For example, combiner 304 may multiplex remote user input streams
corresponding to different remote services (e.g., different remote
users) into a single input stream. In another implementation,
combiner 304 may be configured to combine different types of remote
user inputs, such as a text input and a voice input, into a single
text input stream. Combiner 304 may further be configured to assign
a priority or weight to one or more remote user inputs received by
receiver 304 in generating a multiplexed input stream. For example,
combiner 304 may prioritize or assign a higher weight to inputs
received via certain plugins or from certain remote users. In
another example, where a video game player of video game 116
prefers to render annotations associated with certain plugins or
remote users, combiner 304 may generate the multiplexed input
stream comprising the inputs from only the specified plugins or
remote users.
[0066] In some implementations, the single multiplexed remote user
input may comprise a predetermined format. For instance, combiner
304 may convert the form, structure, and/or content of one or more
remote user inputs received via plugins 112A-112N to conform to a
format of the single multiplexed remote user input. As a result,
subsequent processing of the remote user inputs received via
plugins 112A-112N, for instance by normalizer 308, parser 310,
element recognizer 312, and video frame annotator 314, may be
performed on a single input stream rather than multiple discrete
input streams. By annotating a video game based on a single input
stream, less resources and processing capabilities are needed, the
annotation generation may be simplified, and duplicative
annotations may be avoided (e.g., where multiple remote users
provide a similar recommendation for the video game player).
[0067] As described above, in examples, video frame annotator 314
may annotate a video frame of a video game in a variety of ways.
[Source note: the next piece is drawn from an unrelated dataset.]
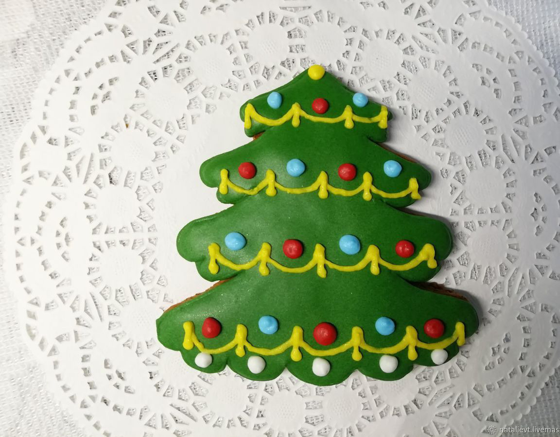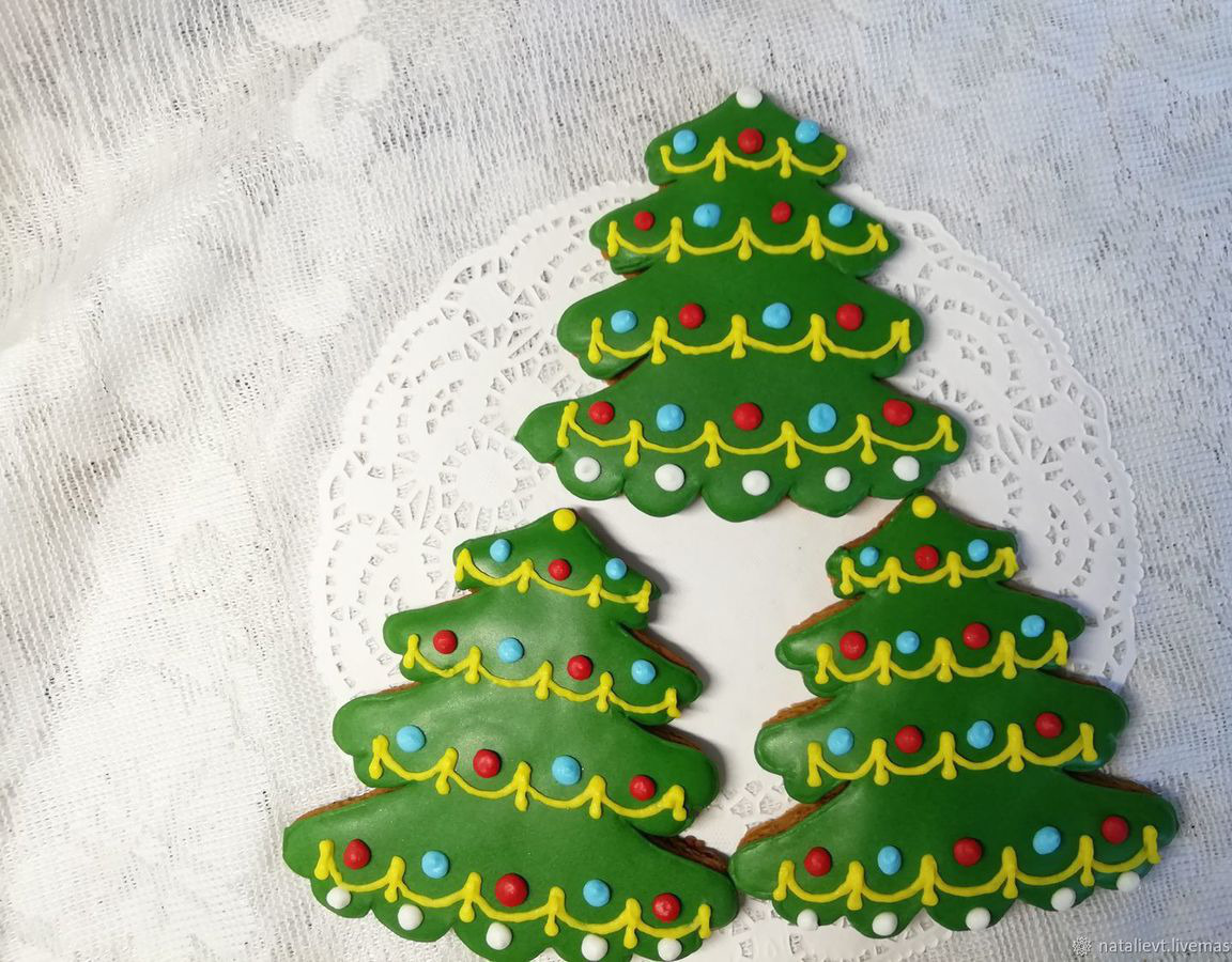 Ароматный имбирный пряник - отличный сувенир и прекрасное украшение новогоднего стола! Большая красивая елочка с росписью новогодними гирляндами и шариками упакована в пакетик с широкой золотистой ленточкой. В наличии 3 елочки. Отправлю сразу.
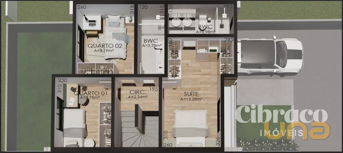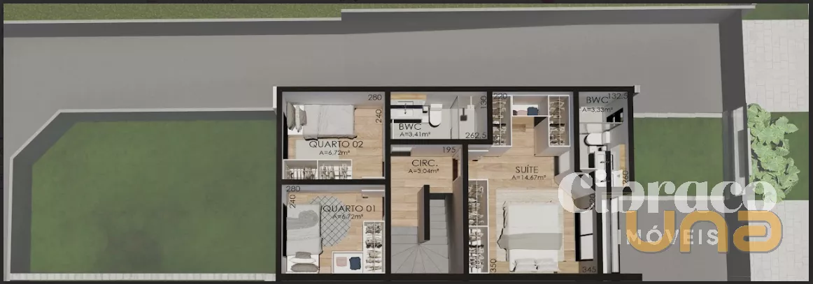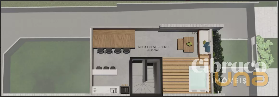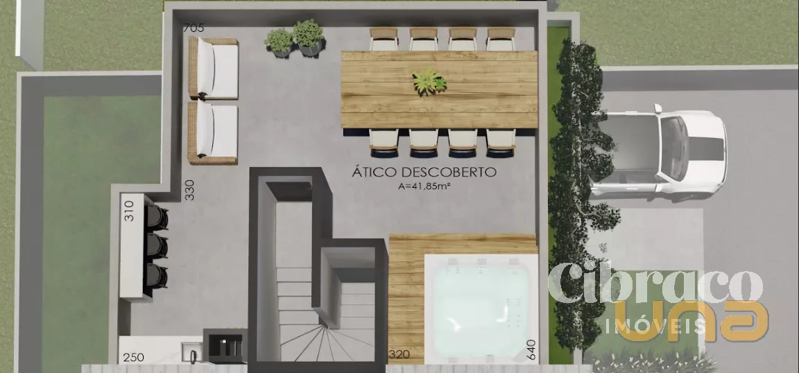 No pavimento superior há 3 quartos sendo 1 suíte, ático com terraço e churrasqueira privativa.

For instance, FIG. 6 shows a flowchart 600 of a method for
selecting an annotation for rending to the video frame, according
to an example embodiment. In an example, the method of flowchart
600 may be implemented by annotation selector 316 and annotation
renderer 318, as shown in FIG. 3. Other structural and operational
implementations will be apparent to persons skilled in the relevant
art(s) based on the following discussion regarding flowchart
600.
[0068] Flowchart 600 begins with step 602. In step 602, an
annotation is selected for rendering to the video frame based on
the identified element and/or a location of the element. For
example, with reference to FIG. 3, annotation selector 316 may
select an appropriate annotation based on the element identified by
element recognizer and/or a location of the element. In
implementations, each in-game element identified by element
recognizer 312 may be configured to have a different type of
annotation associated with the element, and/or may comprise one or
more types of contextual based annotations. Accordingly, annotation
selector 316 may select an appropriate element based on a type
and/or context of an identified element, such as by selecting a
silhouette or an outline when the identified element is a sports
player or other object, or a directional indication where the
element is based on a location within video game 116. In some
implementations, annotation selector 316 may apply 346 video game
model 322 to select an appropriate annotation based on the
identified element.
[0069] As described, annotation selector 316 may select a number of
various types of annotations for annotation renderer 318 to render
on a video frame. For instance, FIGS. 7A-7D depict illustrative
on-screen annotations rendered by annotation renderer 318. FIGS.
7A-7D comprise a display device 702 of a computing device (e.g.,
computing device 102) on which video game overlay 108 and video
game 704 are concurrently executed. Display device 702 may display
a video game 704, similar to video game 116 described with
reference to FIGS. 1 and 3, along with one or more annotations
generated by video game overlay 108.
[0070] FIG. 7A, for example, illustrates an overlay comprising a
shape 706 surrounding an element. Although depicted in FIG. 7A as a
circle, shape 706 may comprise any other shapes, including but not
limited to a triangle, rectangle, square, oval, star, etc. In some
implementations, annotation selector 316 may select an appropriate
shape based on a shape of the identified element (e.g., annotation
selector 316 may select a circle if an identified element is a
soccer ball).
[0071] FIG. 7B illustrates an instance where annotation selector
316 selects an outline 708 as an annotation for an element. An
outline may comprise an outline or a silhouette of an identified
element, such as an outline of a human. Although FIG. 7B
illustrates a human outline as an annotation, annotation selector
316 may select any other outline based on the identified element,
such as an outline of a tree, a football, an aircraft, a vehicle,
or any other element identified in video game 704.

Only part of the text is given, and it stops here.